◆ Data block ◆
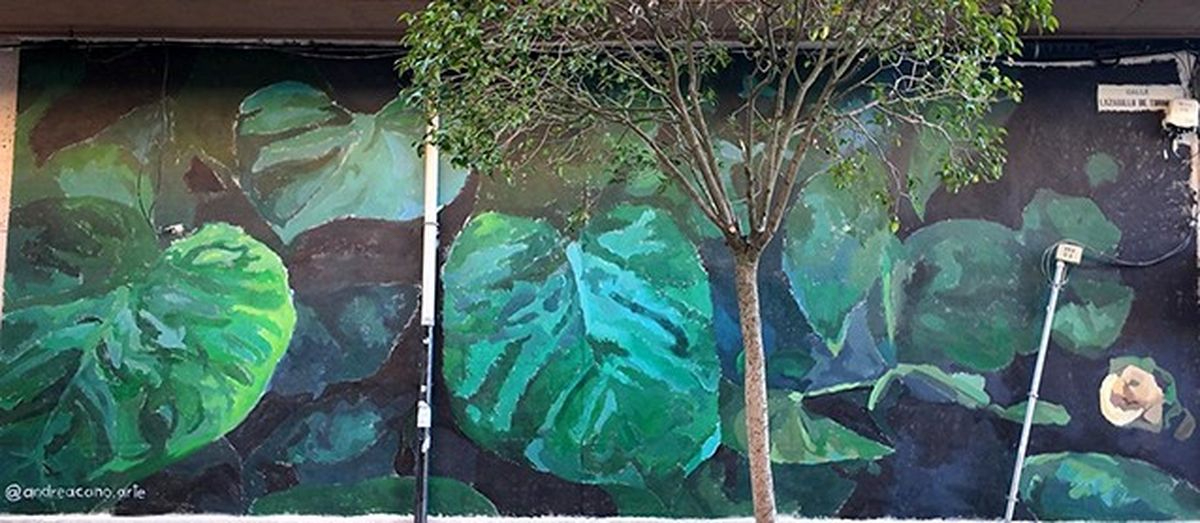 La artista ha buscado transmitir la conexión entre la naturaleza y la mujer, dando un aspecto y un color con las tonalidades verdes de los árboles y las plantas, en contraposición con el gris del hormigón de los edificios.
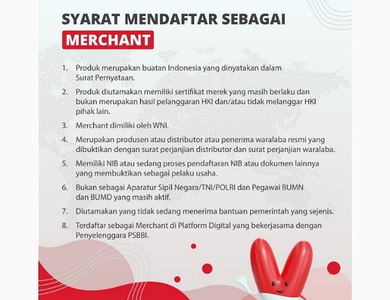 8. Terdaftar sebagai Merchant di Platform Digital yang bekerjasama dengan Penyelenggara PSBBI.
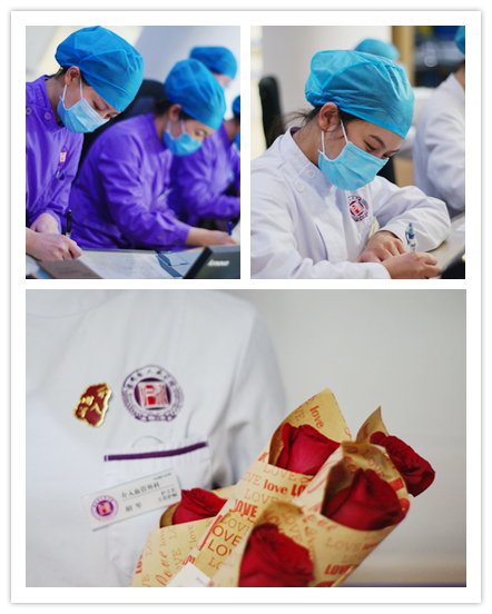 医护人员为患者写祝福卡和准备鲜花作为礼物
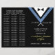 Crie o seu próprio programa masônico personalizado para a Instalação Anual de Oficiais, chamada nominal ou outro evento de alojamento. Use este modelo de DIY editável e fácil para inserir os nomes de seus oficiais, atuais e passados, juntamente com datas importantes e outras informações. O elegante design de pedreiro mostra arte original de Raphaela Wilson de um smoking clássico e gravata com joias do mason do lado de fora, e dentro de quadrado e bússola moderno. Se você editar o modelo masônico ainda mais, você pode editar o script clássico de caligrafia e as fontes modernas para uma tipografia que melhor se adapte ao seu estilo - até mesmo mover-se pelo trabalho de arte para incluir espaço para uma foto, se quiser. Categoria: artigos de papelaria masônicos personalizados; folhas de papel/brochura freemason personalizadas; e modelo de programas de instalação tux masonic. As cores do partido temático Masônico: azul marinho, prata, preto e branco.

◆ Instructions for the task ◆
Apart from its pictures, the data is to be repeated exactly.

◆ Task output ◆
 La artista ha buscado transmitir la conexión entre la naturaleza y la mujer, dando un aspecto y un color con las tonalidades verdes de los árboles y las plantas, en contraposición con el gris del hormigón de los edificios.
 8. Terdaftar sebagai Merchant di Platform Digital yang bekerjasama dengan Penyelenggara PSBBI.
 医护人员为患者写祝福卡和准备鲜花作为礼物
 Crie o seu próprio programa masônico personalizado para a Instalação Anual de Oficiais, chamada nominal ou outro evento de alojamento. Use este modelo de DIY editável e fácil para inserir os nomes de seus oficiais, atuais e passados, juntamente com datas importantes e outras informações. O elegante design de pedreiro mostra arte original de Raphaela Wilson de um smoking clássico e gravata com joias do mason do lado de fora, e dentro de quadrado e bússola moderno. Se você editar o modelo masônico ainda mais, você pode editar o script clássico de caligrafia e as fontes modernas para uma tipografia que melhor se adapte ao seu estilo - até mesmo mover-se pelo trabalho de arte para incluir espaço para uma foto, se quiser. Categoria: artigos de papelaria masônicos personalizados; folhas de papel/brochura freemason personalizadas; e modelo de programas de instalação tux masonic. As cores do partido temático Masônico: azul marinho, prata, preto e branco.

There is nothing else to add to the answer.